Musibah ini berdampak pada aktivitas warga. Karena akses jalan yang menghubungkan Kecamatan Krayan Induk dengan Krayan Selatan, terputus. Wakil Ketua DPRD Kaltara Andi M Akbar MD, S.E, M.M mengungkapkan, longsor juga menyebabkan jembatan yang menghubungkan Desa Long Layu dan Pa Upan sepanjang 15 meter rusak.
“Kita dari DPRD pasti prihatin kalau ada longsor seperti ini. Tapi inikan faktor cuaca, hujan saya dengar ekstrem sampai dua hari.

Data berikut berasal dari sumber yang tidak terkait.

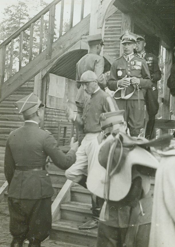 | Nr. inwentarzowy: MŁJ-XVI 1746 / 00 / 094 opis: Tor wyścigów konnych, po Steeple-chase im. Wojewody Wileńskiego Płk. Ludwika Bociańskiego. Na drewnianych schodach prowadzących do wagi i obok nich stoi 7 osób - głównie oficerowie. Na środku Michał Bohdanowicz (strój wyścigowy - białe bryczesy, ciemna kurtka, pasy na rękawach i czapka w podobnym kolorze) w rozmowie ze stojącym tyłem oficerem. Stojący obok ułan trzyma siodło wyścigowe.czas powstania - daty graniczne: 1936-07-16 - 1936-07-16miejsce: Wilno, Pośpieszka.osoby: Rtm. Michał Bohdanowicz "Miś" (1903-1948), 13 p.u., dowódca 1 szwadronu "Tatarskiego".tworzywo: papier fotograficzny, błyszczącytechnika: odbitka żelatynowo-srebrowa DOP, czarno-białazespół: album rodziny Leskichwymiary (wys. x szer.): 117 x 83 [mm]

Akhirnya jalanan juga jadi longsor,” jelasnya, Kamis (15/9).
Anggota DPRD Kaltara Fraksi Hanura ini sudah meminta Pemprov Kaltara. Dalam hal ini dinas terkait, segera melakukan upaya, agar masyarakat bisa kembali beraktivitas. Ia meminta BPBD dan Dinas Pekerjaan Umum, Penataan Ruang, Perumahan dan Kawasan Permukiman, harus segera melihat kondisi masyarakat di sekitar lokasi kejadian.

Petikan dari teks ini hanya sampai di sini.